• [EXERCISE]: Write every line below out again, exactly as given, but leave out the pictures.

• [DATA EXCERPT]:
—————

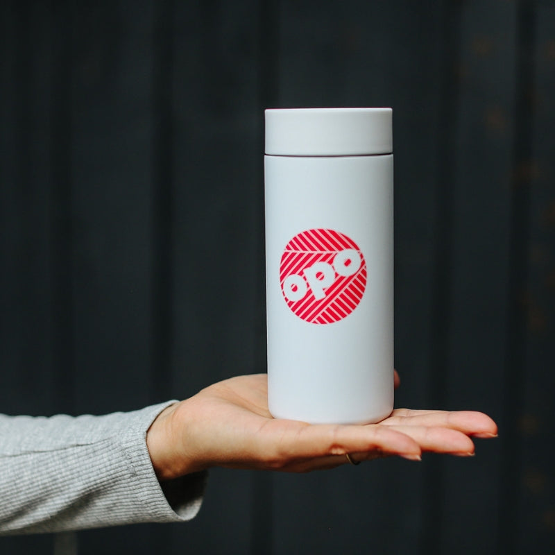 This double-wall vacuum insulated MiiR 360 Traveler is perfect for when you're on the go. Its Leakproof 360 Lid couldn’t be easier to use: press the center button, sip from any side, then press again to seal. With both our logo and coffee branch emblem, you'll be showing your love of Opo and cofffee!
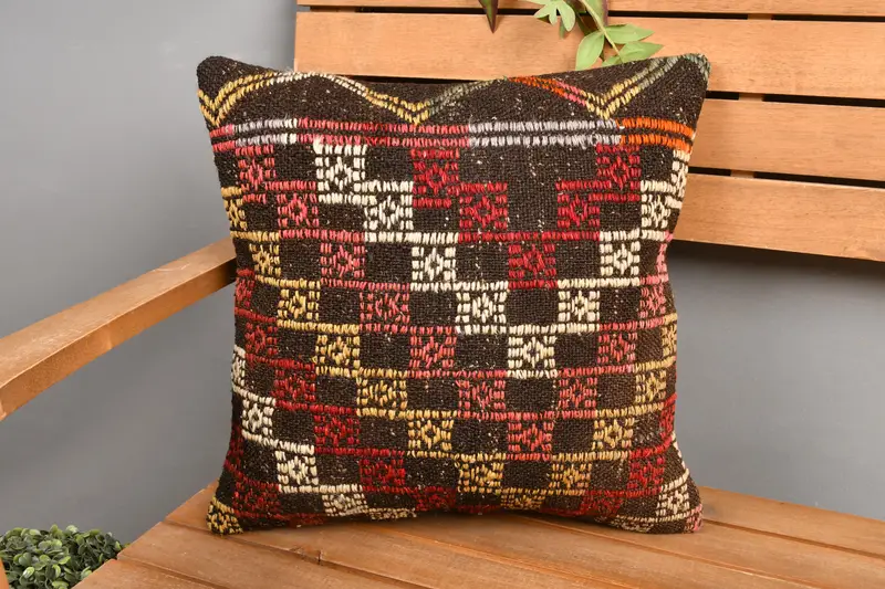 Rotes südwestliches besticktes Kissen, 16x16 Vintage Wurfkissen
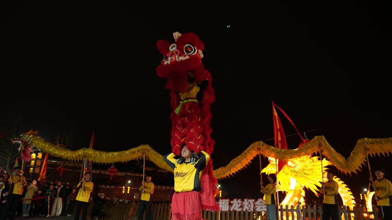 暮色渐浓,华灯初上,驿头驿阳村的年味愈发醇厚。伴随着激昂的锣鼓声,格橱龙灯巡游正式开启,通体鎏金的巨龙在龙珠的引领下,蜿蜒盘旋、灵动穿梭,舞龙者步伐矫健、身姿舒展,锣鼓声、欢呼声、喝彩声交织在一起,响彻古村夜空。留学生们被这热闹的场景深深吸引,纷纷跟随着龙灯队伍,一边欢呼一边拍照,沉浸式感受中国非遗龙灯的独特魅力,有的还忍不住伸手触摸龙身,期盼沾得新年福气。

—————

• [RESULT FOR THIS TASK]:
 This double-wall vacuum insulated MiiR 360 Traveler is perfect for when you're on the go. Its Leakproof 360 Lid couldn’t be easier to use: press the center button, sip from any side, then press again to seal. With both our logo and coffee branch emblem, you'll be showing your love of Opo and cofffee!
 Rotes südwestliches besticktes Kissen, 16x16 Vintage Wurfkissen
 暮色渐浓,华灯初上,驿头驿阳村的年味愈发醇厚。伴随着激昂的锣鼓声,格橱龙灯巡游正式开启,通体鎏金的巨龙在龙珠的引领下,蜿蜒盘旋、灵动穿梭,舞龙者步伐矫健、身姿舒展,锣鼓声、欢呼声、喝彩声交织在一起,响彻古村夜空。留学生们被这热闹的场景深深吸引,纷纷跟随着龙灯队伍,一边欢呼一边拍照,沉浸式感受中国非遗龙灯的独特魅力,有的还忍不住伸手触摸龙身,期盼沾得新年福气。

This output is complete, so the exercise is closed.